The software that Judge Pym’s order requires Apple to design would allow the FBI to enter attempted passwords quickly without Farook’s iPhone deleting its contents upon entry of successive incorrect passwords. These features mechanically tell the iPhone, without human intervention, to allow the insertion of new passwords. The computer code the court is asking Apple to design is therefore not speech, but designed as mechanical instructions to a computer.
As a result, Apple’s claim that the court’s order discriminates on the basis of Apple’s viewpoint makes little First Amendment sense. Essentially, Apple’s argument is that because computer code is expression, the FBI is forcing Apple to create code expressing a viewpoint to which it is opposed: that phone data should not be encrypted beyond government reach.
This is a smart argument, but somewhat absurd.

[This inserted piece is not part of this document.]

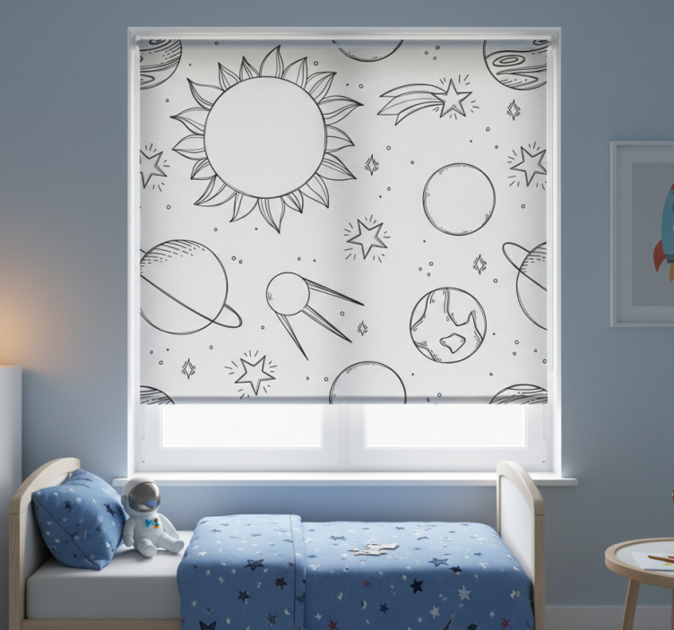 Referencia: E6825Descubre la magia del espacio con nuestra Cortina roller infantil dibujo espacial, que presenta un encantador diseño lleno de planetas, estrellas y cohetes. Esta cortina no solo es un elemento decorativo, sino que también añade un toque divertido y educativo a la habitación de los más pequeños, fomentando su imaginación y curiosidad por el universo.

Perhaps Apple’s pro-privacy message is manifest in the nonspeech elements of Apple’s computer code, but so too is that message inherent in key or safe manufacturing, which is regulable conduct. At best, the FBI is targeting Apple’s expressive conduct, and has a reason for doing so that is unrelated to the content of Apple’s speech. The FBI has no motive to, “regulate speech that favors some viewpoints or ideas at the expense of others.” The FBI, in this case, simply wants to access Farook’s phone, not to tamper with the content of the code because it expresses a pro-privacy viewpoint.
Of course, it is true that the FBI disagrees with Apple’s view that the government shouldn’t be able to force the unlocking of Farook’s phone. Apple’s argument, taken to its logical conclusion, would mean that if Congress forced companies to store users’ decrypted iPhone data in the event that the FBI obtains a valid search warrant for someone’s data, this legislation would also be impermissible viewpoint discrimination of speech. This runs counter to Apple’s All Writs Act argument. Apple notes that Congress, and not the courts, should be determining whether information service provides need to keep decrypted copies of users’ data.
Finally, to the extent that Apple’s compelled speech argument turns on the fact that the district court ordered that “[t]he code must contain a unique identifier so that [it] would only load and execute on the SUBJECT DEVICE, and it must be signed cryptographically by Apple using its own proprietary encryption methods,” (p. 32, internal citations omitted), this argument also conflicts with its position under the All Writs Act. The reason the FBI wants these features is so that other hackers cannot use the software Apple creates to access other individuals’ phones. The phone-specific and Apple-specific identifiers mean that Apple is placing the privacy and security of its customers in less jeopardy.
I believe it is fair to classify Apple as a defender of important privacy and security interests in this case. Apple, however, is not serving First Amendment interests well. Apple’s short First Amendment argument lends support to the (I think incorrect) view that the First Amendment is now being used as an all-purpose deregulatory tool.